TASK BRIEF
Please output the lines from the one with "A vibrant acrylic" through the end of the data exactly as written, omitting all pictures.

DATA EXCERPTS
+===+

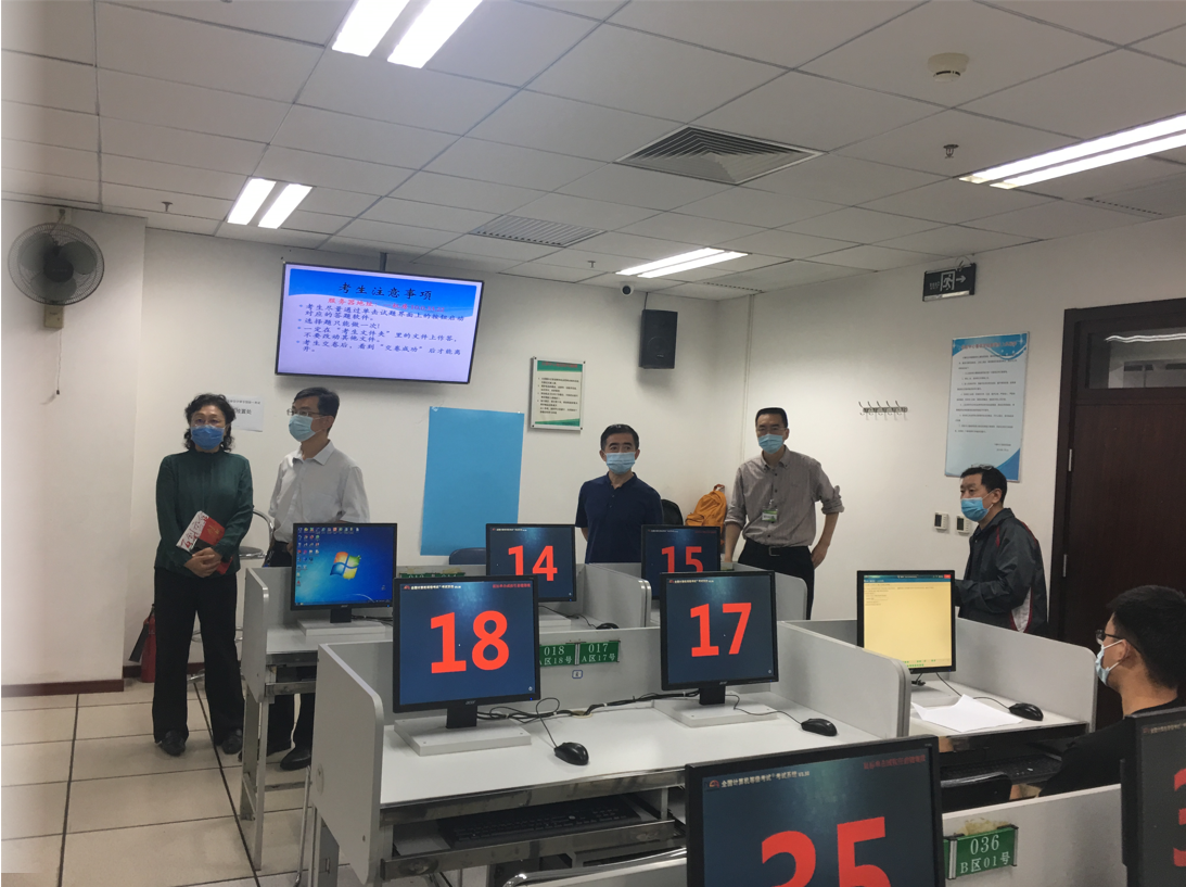 本次考试共计2400人次参加,人数创永利官网组织该项考试新高。考生来源主要包括永利官网学生、周边社会考生和北京军区的军人,对提高永利官网学生计算机应用能力和服务北京、服务军队具有重要意义。栗苹副校长详细询问了考生来源、防疫工作、考务管理等方面的组织工作,并对每个考场以及备用考场进行了巡视。教务处和信息学院主要负责人陪同作现场指导。
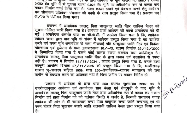प्रकरण में आनवेदक लालटू उर्फ संतोष सकिन बेल्हा को सूचना नोटिस जारी किया गया। आवेदक द्वारा आवेदन की कापी आनवेदक को दी गई। आनवेदक अंतर्गत धारा 10 सी.पी.सी.में उल्लेख किया गया है कि आवेदक खोझन प्रसाद चन्द्रा द्वारा वाद भूमि के संबंध में आवेदन प्रस्तुत किया गया है वह खारिज करने एवं उक्त भूमि आनवेदक के माता नीरा बाई पति घसुलाल एवं विक्रेता मोहरसाय एवं दुजेराम के माध्य इकरारनामा 10/- रू स्टाम्प दिनांक 29/12/2000 में निष्पादित किया गया है उसमें कोई खसरा रकबा उल्लेख तथा अपंजीकृत है आनवेदक लालटू उर्फ संतोष के द्वारा जवाब एवं दस्तावेज से स्पष्ट नही है प्रकरण में दिनांक 11/11/2024 जवाब प्रस्तुत किया गया है उनके द्वारा कानूनी आपत्ति दिनांक 27/11/2025 को प्रस्तुत किया गया है कि छत्तीसगढ़ शासन भू- राजस्व संहिता 1959 की धारा 250 – क्षेत्राधिकार – राजस्व न्यायालय को उस जमीन से बेदखल करने का अधिकार नही है जिस जमीन पर मकान निर्मित हो।
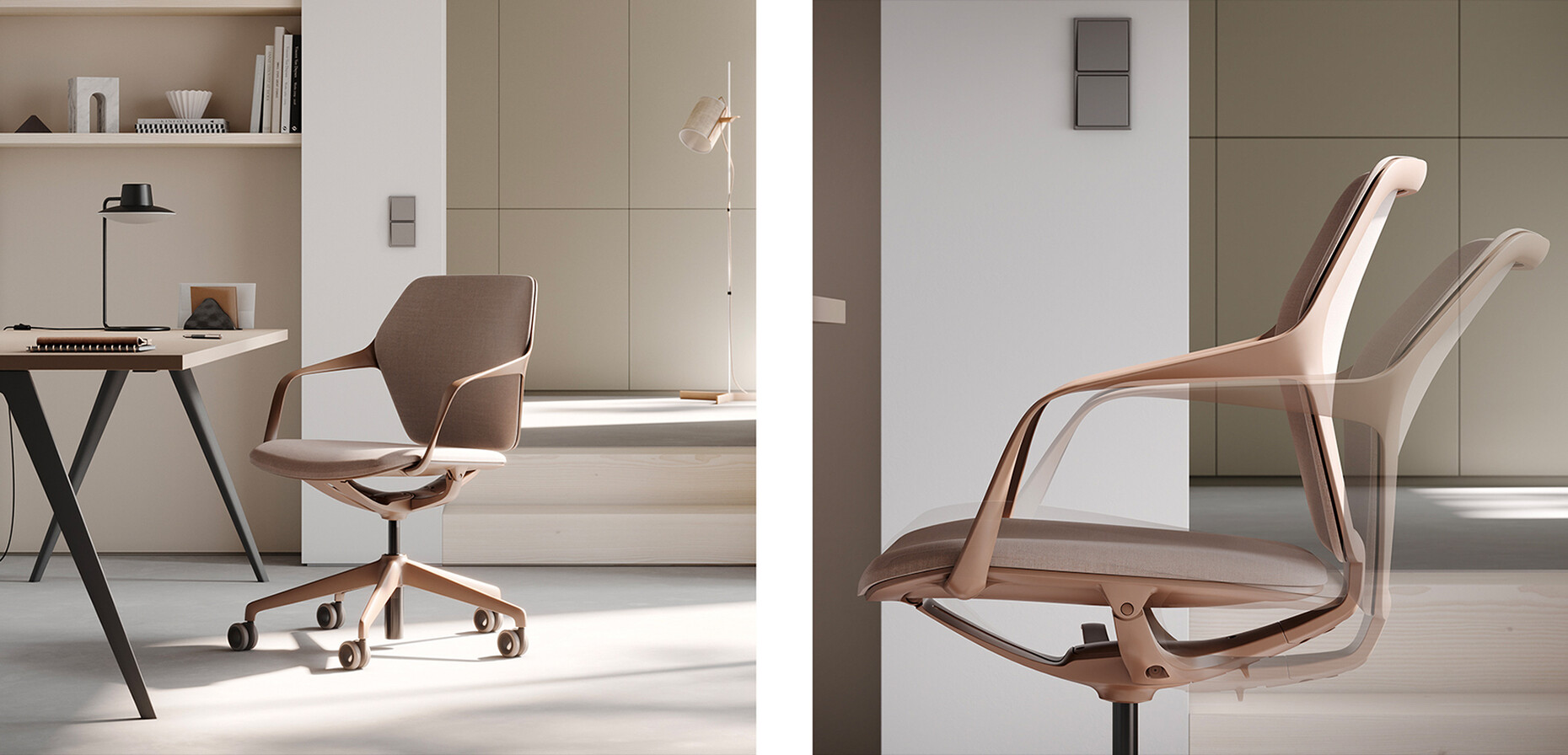 The longstanding collaboration between family-run company Brunner and jehs+laub has given rise to yet another innovation: the "ray work" universal swivel chair, which combines the creative skill of the Stuttgart design duo with the expertise of the Baden-based furniture manufacturer. With its mesh upholstery, synchronizing mechanism, and automatic weight adjustment, it adapts effortlessly to its users. Thus, ergonomics and elegance combine to form a particularly lightweight office chair that meets the high quality standards required for office furniture.
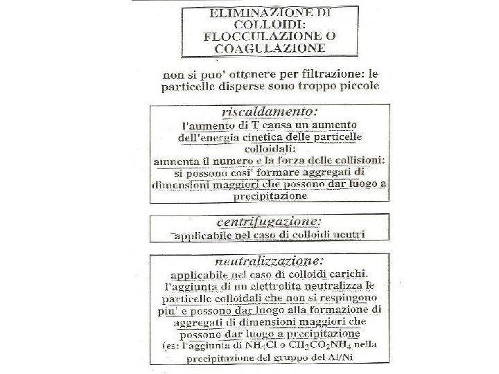 Coagulazione Le particelle della fase dispersa, venendo a contatto tra loro, interagiscono mutuamente per formare aggregati di massa maggiore che precipitano per azione della forza di gravità. Effetto Tyndall Quando le particelle di polvere disperse nell'aria sono investite da un raggio di luce solare che penetra attraverso le fessure di una finestra, diventano visibili ed appaiono come punti brillanti. Questo fenomeno è detto effetto Tyndall e consiste appunto nella diffusione della luce che attraversa una soluzione colloidale.
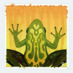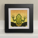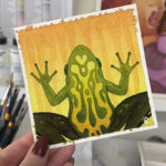 A vibrant acrylic painting of a poisonous frog with colored pencil detail on 4”x4” watercolor paper.
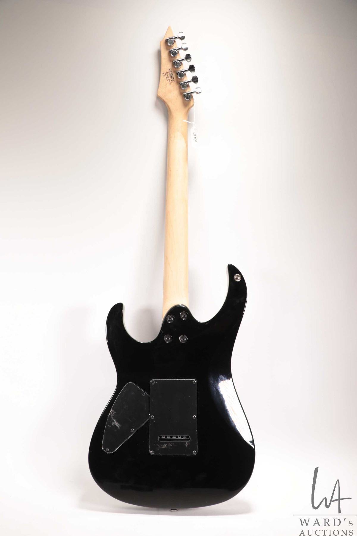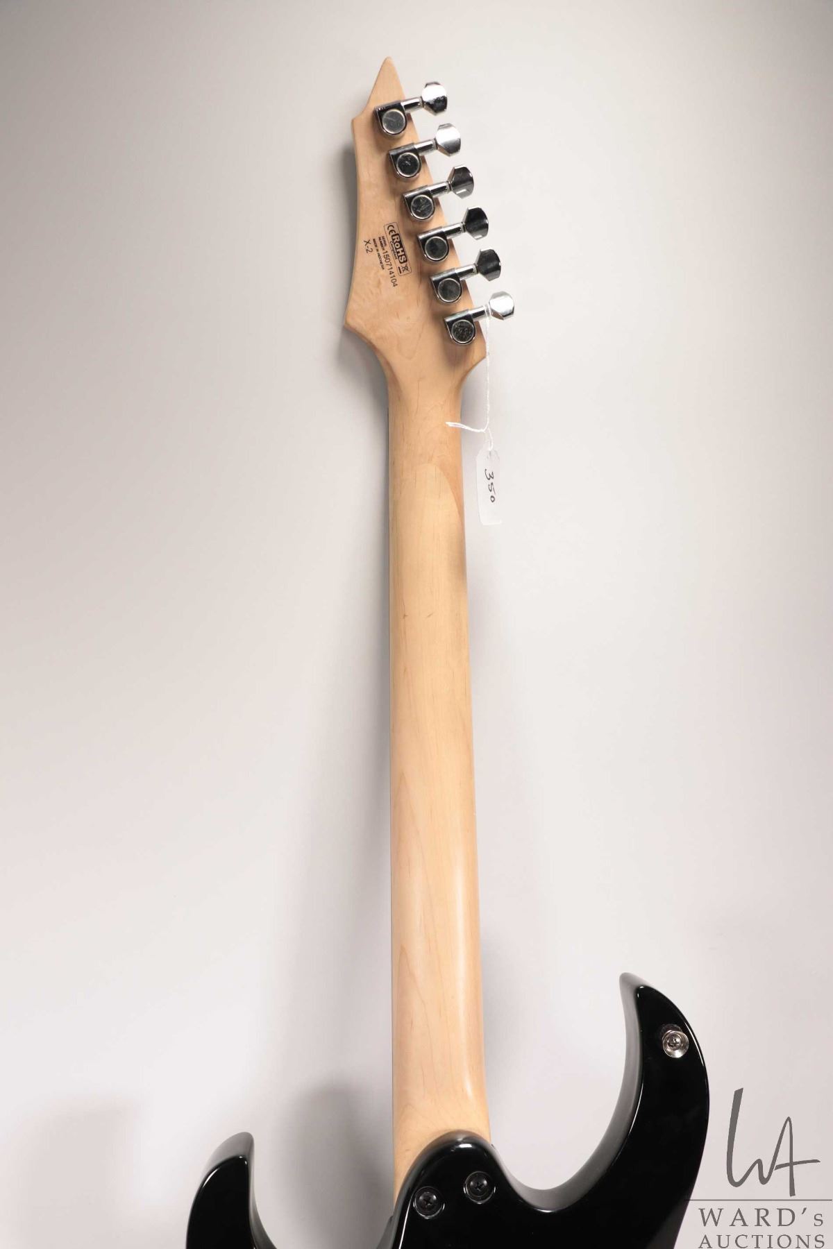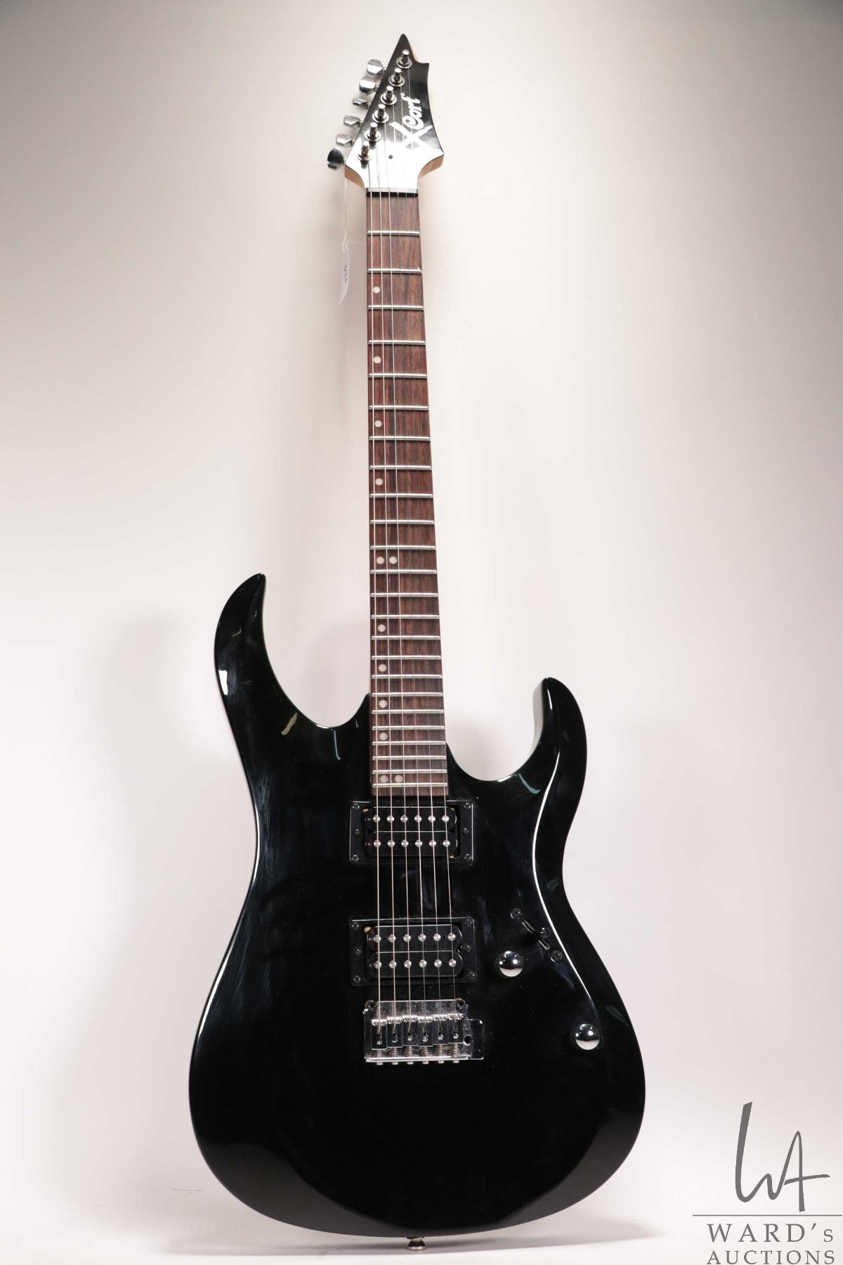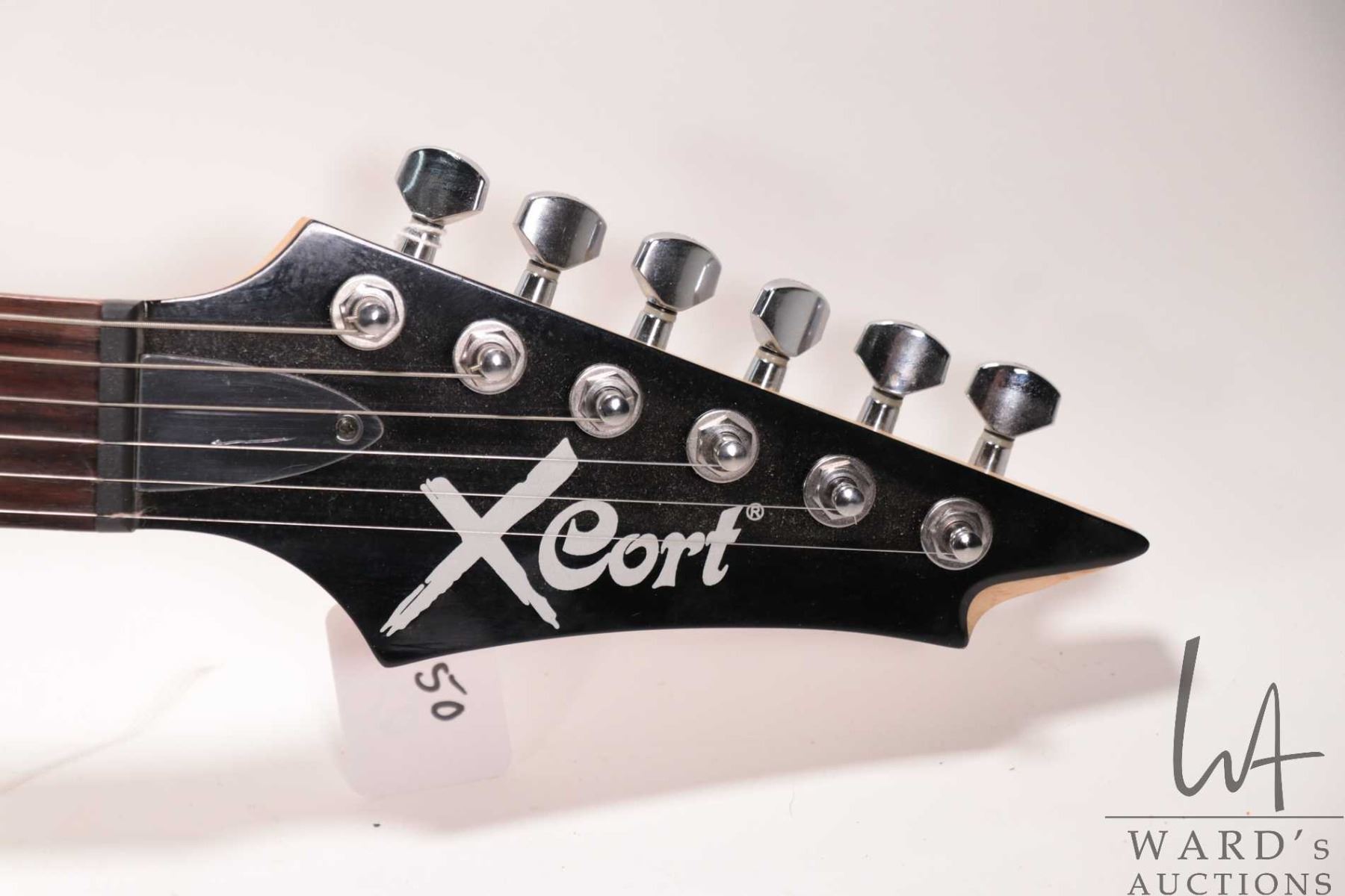 Xcort Superstrat guitar. Beveled top, dual humbuckers, three way switch, black. Serial no. 150714104

+===+

ANSWER SPACE
 A vibrant acrylic painting of a poisonous frog with colored pencil detail on 4”x4” watercolor paper.
 Xcort Superstrat guitar. Beveled top, dual humbuckers, three way switch, black. Serial no. 150714104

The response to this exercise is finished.